OSDir


[Date Prev][Date Next][Thread Prev][Thread Next][Date Index][Thread Index]

Re: Checkpoint is not triggering as per configuration


Great, I will give a try.
Thanks,
Tao

On Tue, May 15, 2018 at 12:50 AM, Piotr Nowojski <piotr@xxxxxxxxxxxxxxxxx> wrote:
Hi,


1. What if you set `org.apache.flink.streaming.api.functions.source.FileProcessingMode#PROCESS_CONTINUOUSLY`? This will prevent split source from finishing, so checkpointing should work fine. Downside is that you would have to on your own, manually, determine whether the job has finished/completed or not.

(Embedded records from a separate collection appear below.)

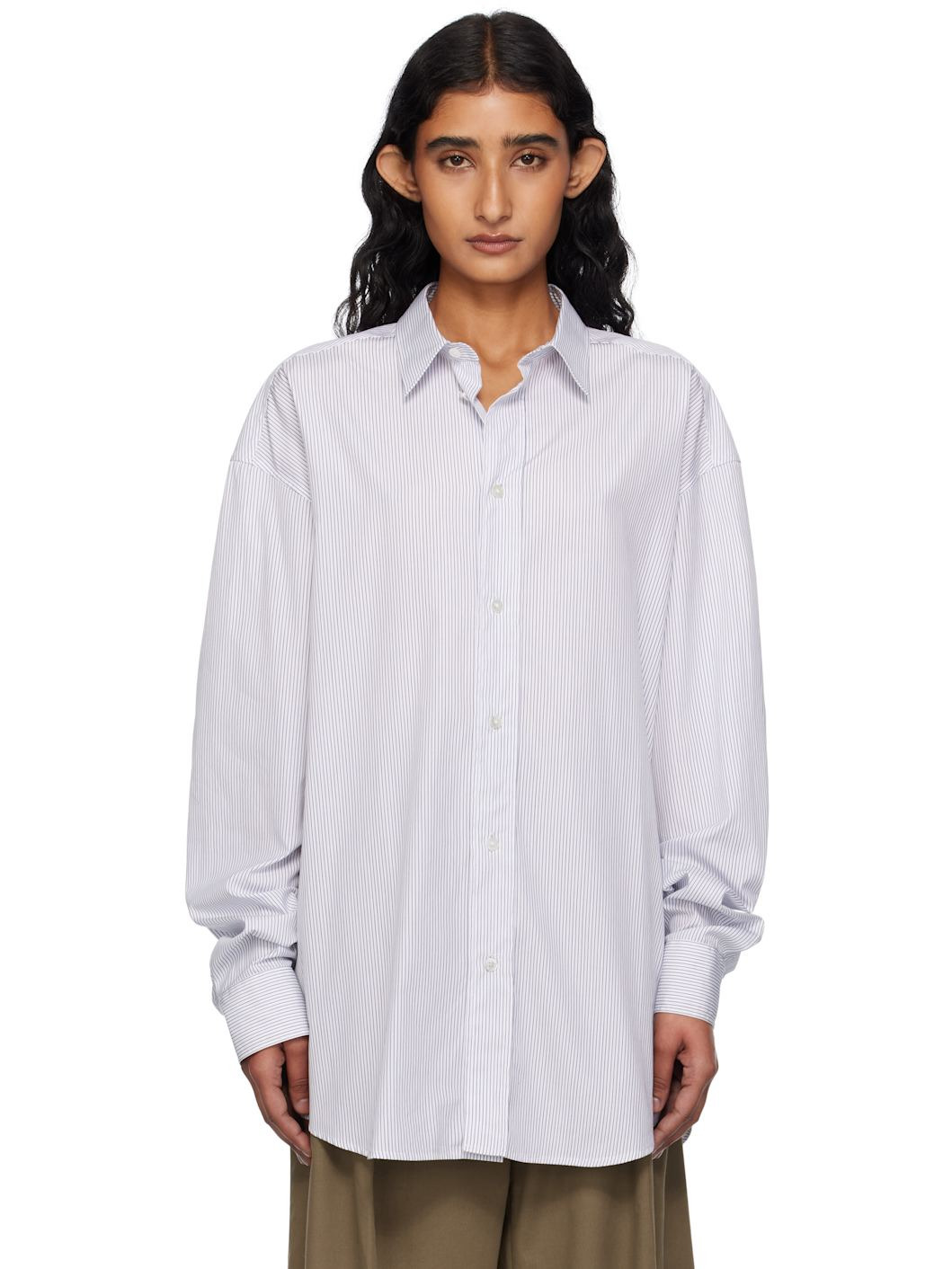Cotton poplin shirt. · Striped throughout · Spread collar · Button closure · Shirttail hem · Pleats at buttoned French cuffs · Twin pleats at back yoke · Mother-of-pearl hardware Supplier color: White/Blue 100% cotton. Made in Italy 252359F109012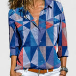 Bluză cu butoni Emily Indigo Bloom este locul unde farmecul modern întâlnește structura clasică. Cu un gradient floral delicat și un guler ascuțit, aduce eleganță ținutei tale de zi cu zi, cu o notă perfectă de artă și confort.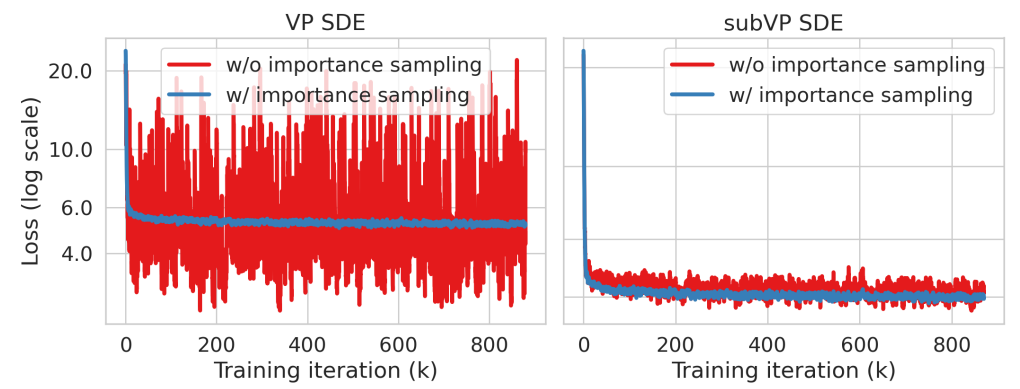 기존에는 적분값을 평가하기 위해 $[0,T]$의 균등분포에서 $t$를 샘플링한 후, 적분값을 계산하여 $g(t)^2$에 비례하게 분산이 커졌었다. 하지만 importance sampling을 적용하여 $p(t)$에서 시간 $\tilde{t}$를 샘플링한 후 $\alpha(t)^2$을 계수로 한 loss 값을 더 적은 분산으로 구할 수 있다.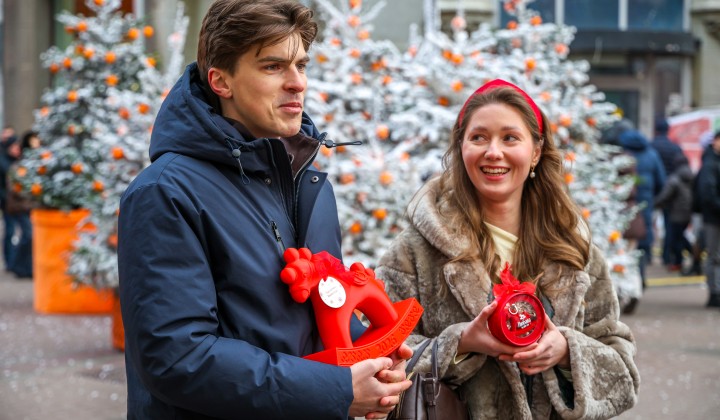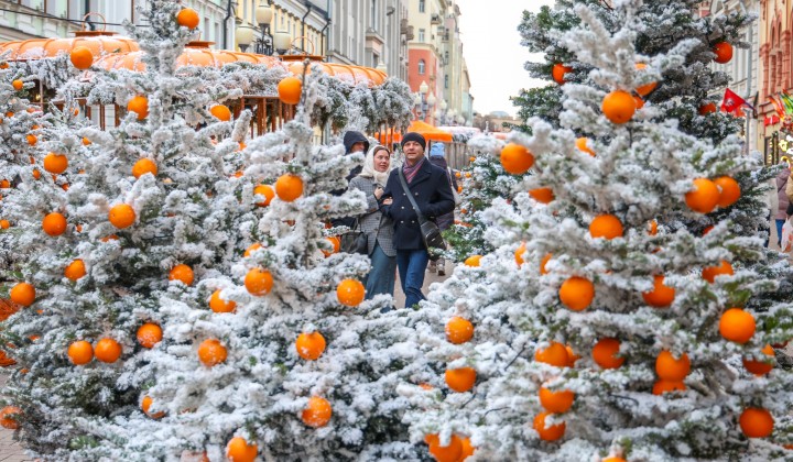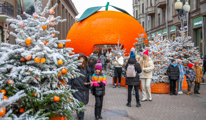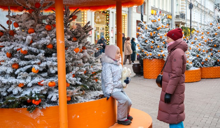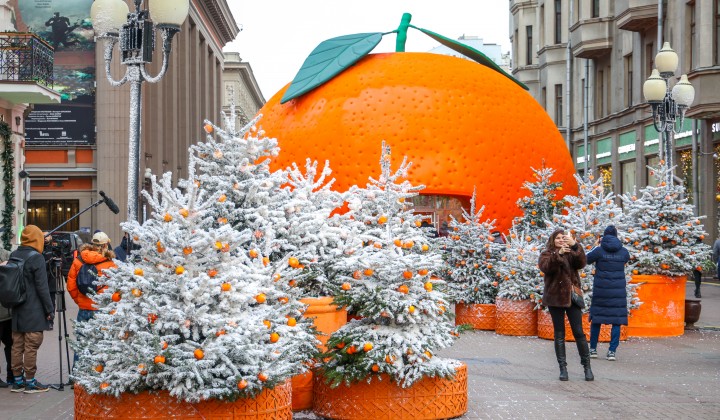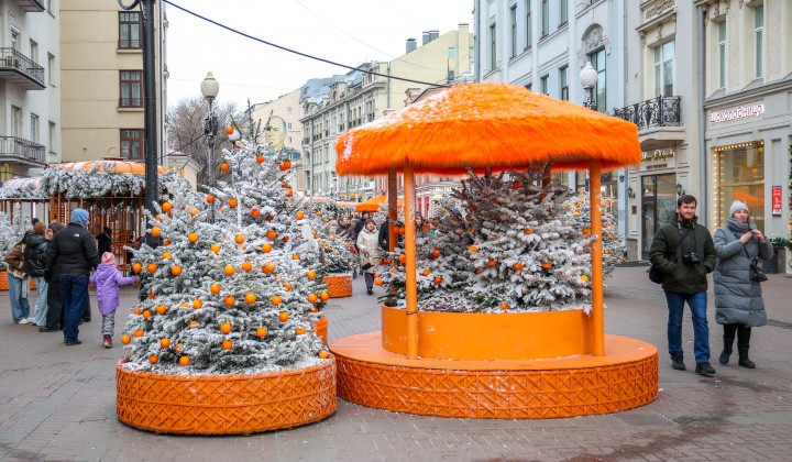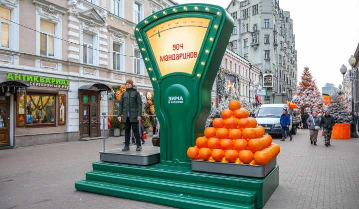 А старый Арбат оформили в мандариновой тематике. Помимо павильона-мандарина и «мандариновых» елок здесь установили советские торговые весы, где роль гирек выполняют мандарины.

Other things that come to my mind would require some coding:

2. Look at org.apache.flink.streaming.api.environment.StreamExecutionEnvironment#createFileInput, copy it’s code and replace `ContinuousFileMonitoringFunction` with something that finishes on some custom event/action/condition. The code that you would have to modify/replace is alongside usages of `FileProcessingMode monitoringMode`.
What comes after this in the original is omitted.